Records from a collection

>>>

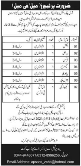Vacancies in Army Public School & College APS&C Advertisement January 2021
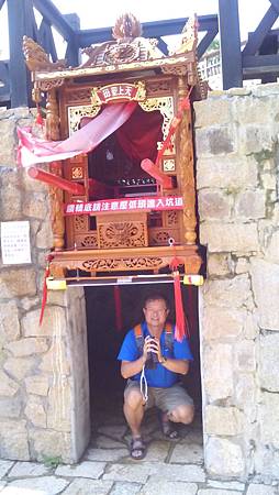 馬祖宗教文化園區建造前,當地人在勘查地形時,意外發現在巨神底下一處穿越山壁之坑道,遂在坑道口置上媽祖神轎,民眾朝聖時鑽入神轎下穿越坑道祈福.
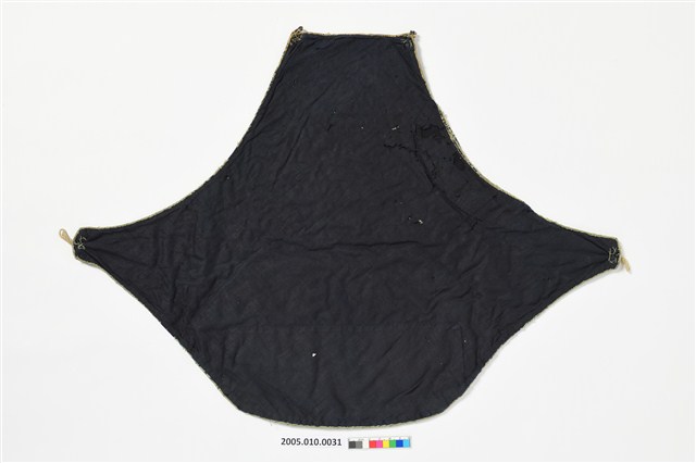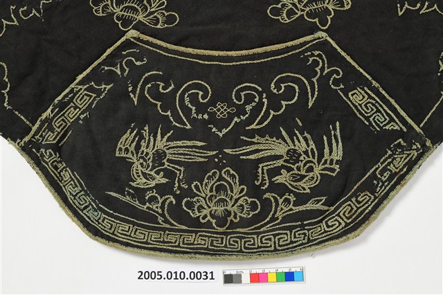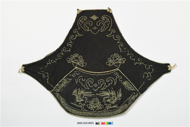 2005.010.0031 黑色地彩繡牡丹花紋下端寬形肚兜
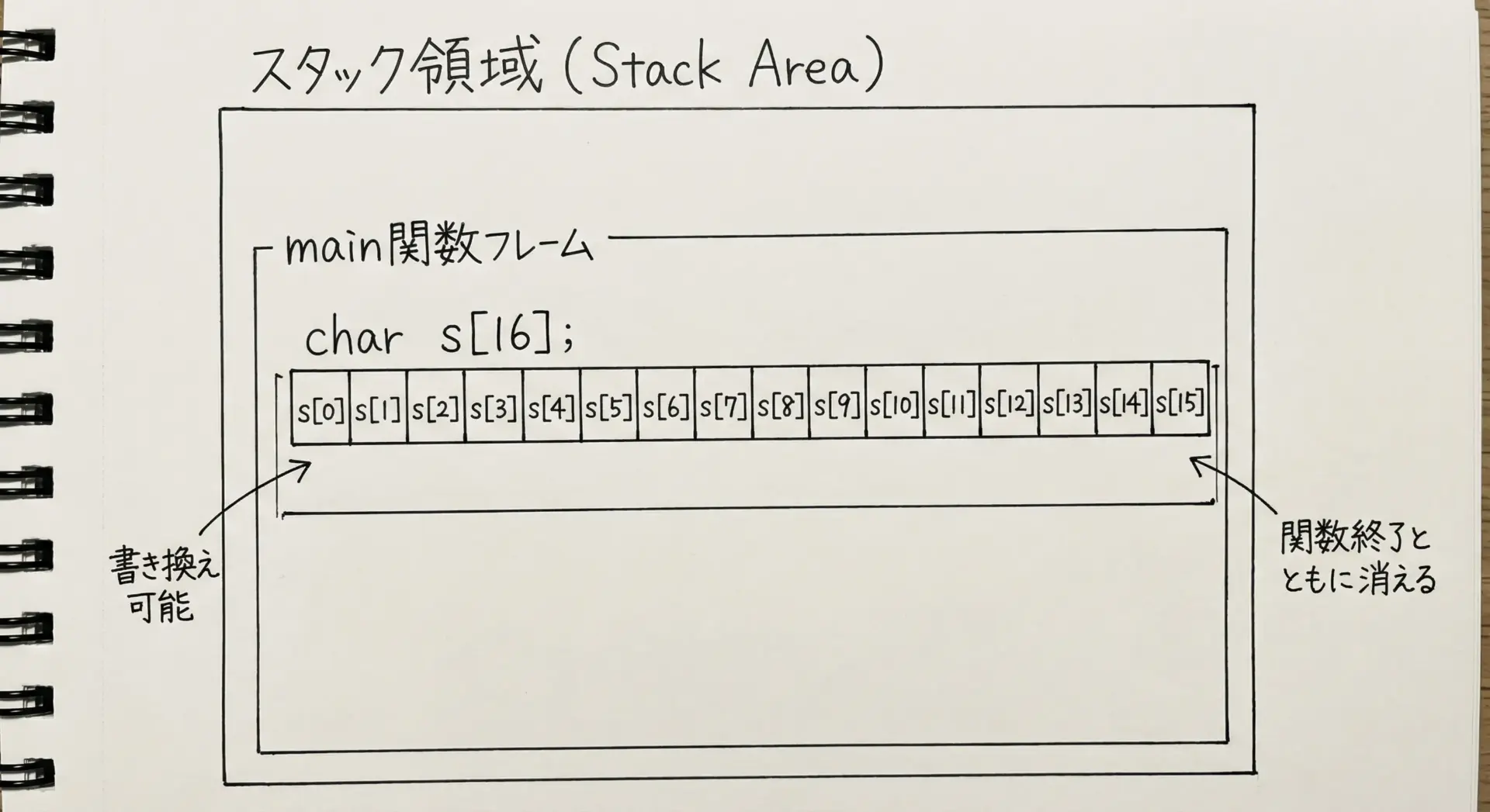 一方、char配列は定義の仕方によってメモリ領域が変わりますが、もっとも典型的なのはローカル変数として定義されるケースです。
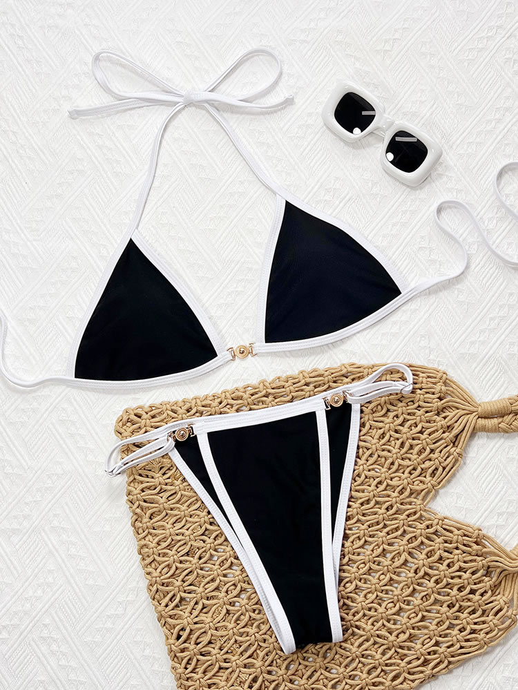 Stand out in this bold black and white bikini set. The top features a classic triangle design with white trim, providing both support and style. The matching bottoms offer a sleek fit, making it perfect for those who want to feel confident and trendy by the pool or beach.
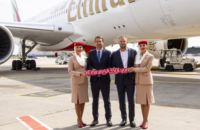 Présente depuis 2012 sur le tarmac de l’aéroport Lyon Saint-Exupéry, Emirates, qui est aujourd’hui la plus grande compagnie aérienne internationale au monde, vient de traduire une fois de plus l’importance qu’elle attache à la ligne régulière Lyon - Dubaï. Depuis le 1er juin, en effet, c’est le nouvel Airbus A350 de la compagnie qui opère cette liaison. À ce jour, la capitale des Gaules est la seule destination desservie par ce tout nouvel appareil dans l’Hexagone et la seconde en Europe.

<<<

**INSTRUCTIONS TO FOLLOW**
Leave out all pictures and output each line exactly, from the top of the records through the line that holds "一方、char配列は定義の仕".

**SOLUTION FOR THIS PROBLEM**
Vacancies in Army Public School & College APS&C Advertisement January 2021
 馬祖宗教文化園區建造前,當地人在勘查地形時,意外發現在巨神底下一處穿越山壁之坑道,遂在坑道口置上媽祖神轎,民眾朝聖時鑽入神轎下穿越坑道祈福.
 2005.010.0031 黑色地彩繡牡丹花紋下端寬形肚兜
 一方、char配列は定義の仕方によってメモリ領域が変わりますが、もっとも典型的なのはローカル変数として定義されるケースです。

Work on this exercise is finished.